- _Required work_:
Drop the pictures and extract exactly the lines from the one that contains "I went to my" through the end of the material.

- _Exercise data_:
- Opening Delimiter -

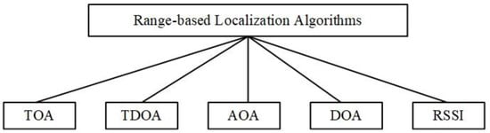Range-based localization algorithms: time of arrival (TOA), time difference of arrival (TDOA), angle of arrival (AOA), direction of arrival (DOA), and received signal strength indicator (RSSI).
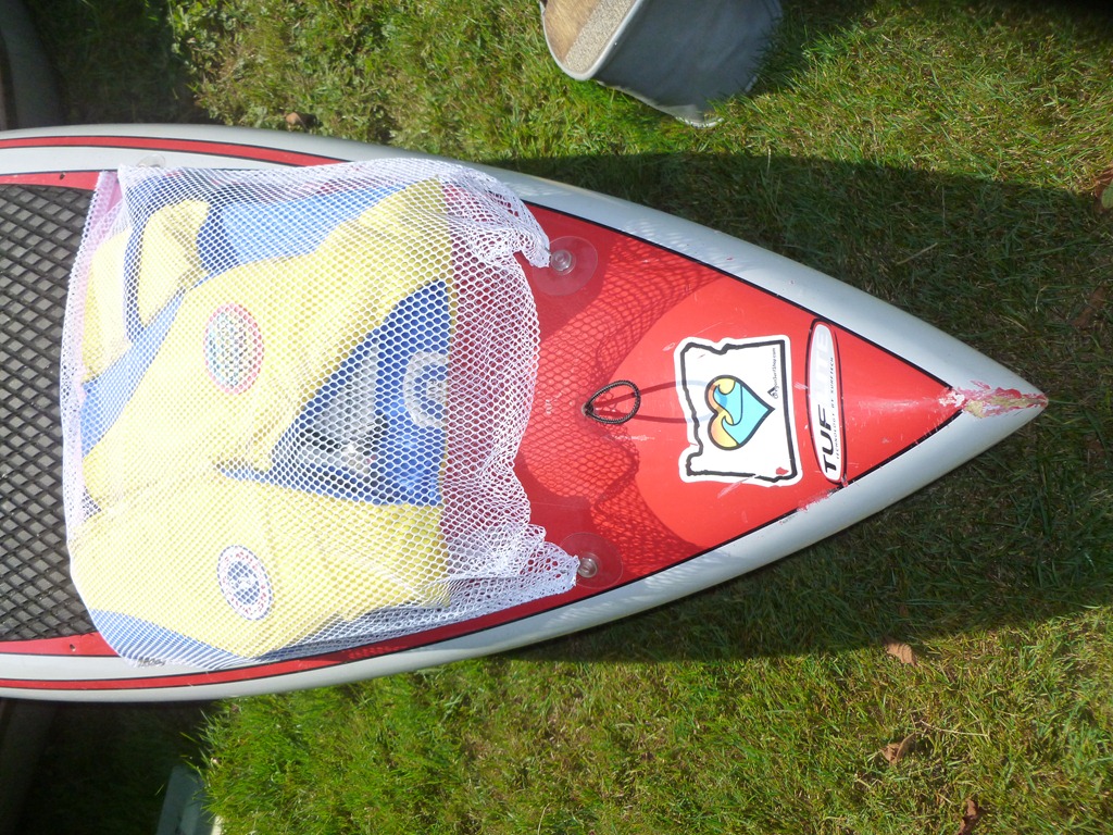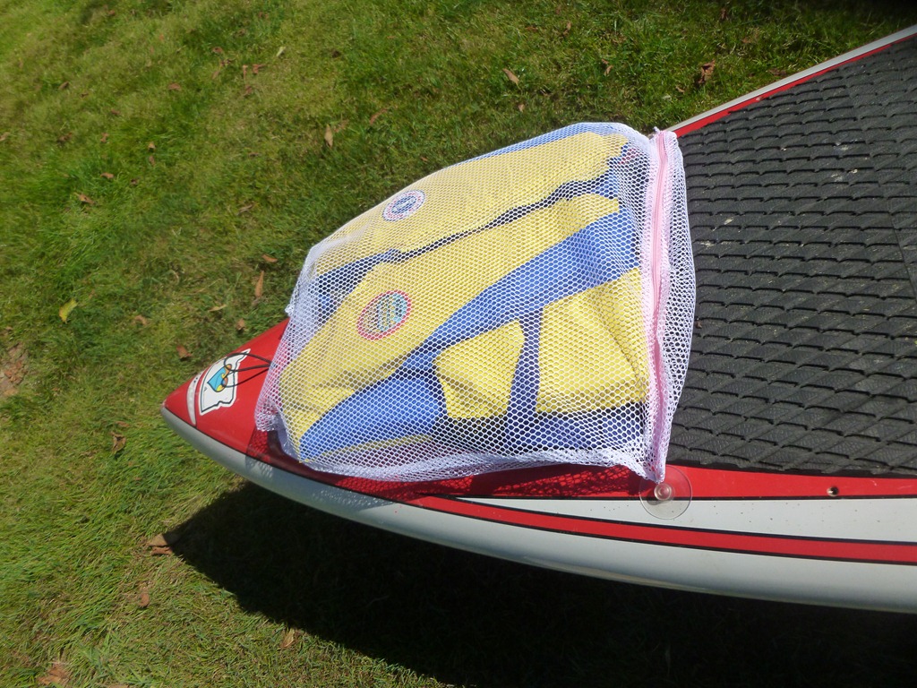 I went to my local mart – and found a laundry bag, then to the plumbing section and found suction cups. I went to the fishing section to see if the bag was big enough – It Was! So home gain, filled up the bags, took a tool to squeeze the hooks closed, and presto! My Life Jacket can stay on the top of a SUP board! I also like these bags for the canoe – I can just throw one in.
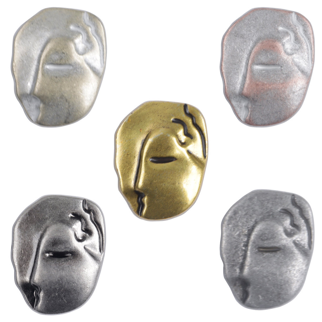 Nepravidelné lidské tváře vintage kovové knoflíky na oblečení, 5 ks

- Closing Delimiter -

- _Answer to this exercise_:
 I went to my local mart – and found a laundry bag, then to the plumbing section and found suction cups. I went to the fishing section to see if the bag was big enough – It Was! So home gain, filled up the bags, took a tool to squeeze the hooks closed, and presto! My Life Jacket can stay on the top of a SUP board! I also like these bags for the canoe – I can just throw one in.
 Nepravidelné lidské tváře vintage kovové knoflíky na oblečení, 5 ks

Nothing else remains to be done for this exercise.